Massachusetts, United States


We invite paper proposals for a conference to shed new light on the history of the book and reading in Korea from the Chosŏn period to the early twentieth century.

Ever since Maurice Courant, a French diplomat-turned-scholar, published his monumental Bibliographie Coréenne in 1894, much ink has been spilled on the study of books in Korea. But where is the field headed now? In current research on the history of the book, especially in English-language scholarship, the Korean experience is more often than not written out or treated as an aberration: How was it that a country that had developed and widely used the technology for movable metal type printing as early as the thirteenth century had to wait until the turn of the nineteenth century to witness the rise of commercial printing of vernacular-language materials? The Eurocentric, print-oriented view tends to overlook the historical validity of various non-print forms of the book, as well as the physical instantiation of literacies and practices of writing and reading that flourished in Korea from the fourteenth to the early twentieth centuries.

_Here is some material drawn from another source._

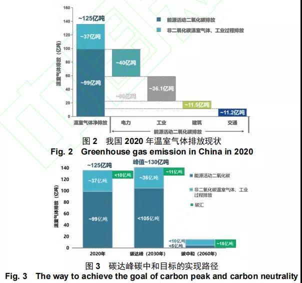 中國 21 世紀議程管理中心研究,預計我國將于“十五五”初期實現(xiàn)碳達峰,溫室氣體排放峰值不超過 130 億噸,能源活動二氧化碳排放峰值不超過 105 億噸,碳匯約 9 億噸;2060 年實現(xiàn)碳中和時,我國的溫室氣體排放量不超過 15 億噸,碳匯約 15 億噸,其中,能源活動二氧化碳排放量約 5 億噸,如圖 3 所示。

We propose that the Korean historical experience is uniquely positioned to generate exciting new conversations about the global history of the book and of reading because it allows us to de-universalize the teleological narrative of evolution from manuscript to movable-type printing shaped by the European experience. We are interested in exploring the following issues. How can we better perceive the material habitat of written words in Korea by considering the entanglements within, co-existence of, and competition among book-making technologies and diverse forms of “bibliographical documents” (Adams and Barker 1993) in the Korean context—including print (xylography and movable type made of metal, wood, and clay), manuscript, and a plethora of primarily non-codex materials now categorized under the term komunsŏ (lit. “old documents”)? How can we better chart the technologies of literacy that Koreans deployed within a socio-textual universe shored up by the privileged status of Literary Sinitic and sinography? How did written (alphabetical) and spoken vernacular Korean, alongside vernacular reading and compositional methods (kugyŏl/t’o and idumun, respectively), complement and co-opt the textual authority of Literary Sinitic and sinography? How can we better examine the ways in which the materiality of the book as a communicative space—book cover, front matter (title page, table of contents, dedications, and so on), mise-en-page, and binding—was shaped, reoriented, and recomposed not simply as physical containers of text but also as expressive media as object, idea, and interface? What reading and interpretive practices did the physical shape of the book dictate and develop? For heuristic purposes, we adopt Amaranth Borsuk’s (2018) proposal of the book as object, content, idea, and interface, and we are also interested in how the book as a communicative space underscores a variety of somatic and affective experiences—visual-ocular, auditory-oral/aural/vocal, haptic, and olfactory.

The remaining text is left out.